ISO (International Organization for Standardization) and IAF (International Accreditation Forum) issued a joint communique on August 20, 2008 (the year of the fifth year), agreeing to smoothly transform the most widely used quality management system standards in the world and implement ISO900 1:2008 certification.
Mian O900 1:2008 standard is based on eight years' practice in 170 countries and about 1 10,000 organizations around the world, which clearly expresses the requirements of ISO900 1:2008 and strengthens the connection with ISO 140066.
ISO900 1 Quality Management System Requirements The 2008 edition is scheduled to issue GB/T 1900 1-2008 Quality Management System Requirements at the end of 2008. After the release of ISO900 1:2008 standard 1 year, all certificates issued by recognized certification bodies are ISO900 1:2008 certificates; The full name of internal auditor is internal quality system auditor, who is usually familiar with ISO900 1:2008 international standards and enterprise management. According to the requirements of the new ISO900 1:2008 standard, any organization implementing the new ISO900 1:2008 standard needs to conduct internal quality audit at least once a year. Therefore, any organization that implements ISO900 1:2008 usually needs to train a group of internal auditors. Internal auditors can be part-time staff in various departments, so internal auditors play an important role in the normal operation and improvement of the quality system in an organization.
ISO 13485:
The full name of ISO 13485: 2003 standard is the legal requirement of medical device quality management system. This standard is formulated by SCA/TC22 1 Technical Committee for Standardization of Medical Device Quality Management and General Requirements, and is an independent standard based on ISO900 1:2000: 2000. This standard specifies the quality management system requirements of relevant organizations, but it is not the implementation guide of ISO900 1 standard in medical device industry.
Since the publication of 1996, this standard has been widely implemented and applied in the world. The new ISO 13485 standard was officially released on July 3rd, 2003. Different from the ISO900 1:2000: 2000 standard, ISO 13485: 2003 is a management standard suitable for the regulatory environment: from the name, it is obviously the requirement of a regulatory quality management system. Medical devices are not only common commodities in the international business environment, but also subject to the supervision and management of national and regional laws and regulations, such as FDA in the United States, MDD (European Medical Device Directive) in the European Union, and Regulations on the Supervision and Administration of Medical Devices in China. Therefore, the standards must be bound by laws and run in a regulatory environment. At the same time, the risks of medical device products must be fully considered, and risk management is required in the whole process of medical device product realization.
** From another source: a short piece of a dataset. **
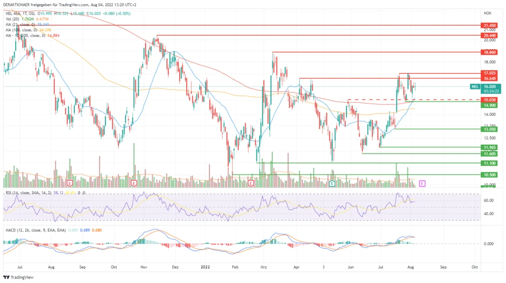 Der Newsflow bei Nel und anderen Green-Tech-Titel hat in den letzten Wochen für eine Reihe positiver Überraschungen gesorgt (DER AKTIONÄR berichtete – siehe Artikelliste am Ende). Die Nel-Aktie legte seit Mitte Juli bereits 23,4 Prozent zu. Auch der wichtige GD200 bei 14,88 Norwegische Kronen (NOK) haben die Bullen hinter sich gelassen. Der Indikator fungiert nun als starke Unterstützung für die weitere Erholung.

Therefore, apart from special requirements, it can be said that ISO 13485 is actually ISO900 1 in the medical device supervision environment.
The United States, Canada and Europe generally take ISO 900 1, EN 4600 1 or ISO 13485 as the requirements of quality assurance system, and the establishment of medical device quality assurance system is based on these standards. To enter the markets of different countries in North America, Europe or Asia, medical devices should meet the corresponding regulatory requirements.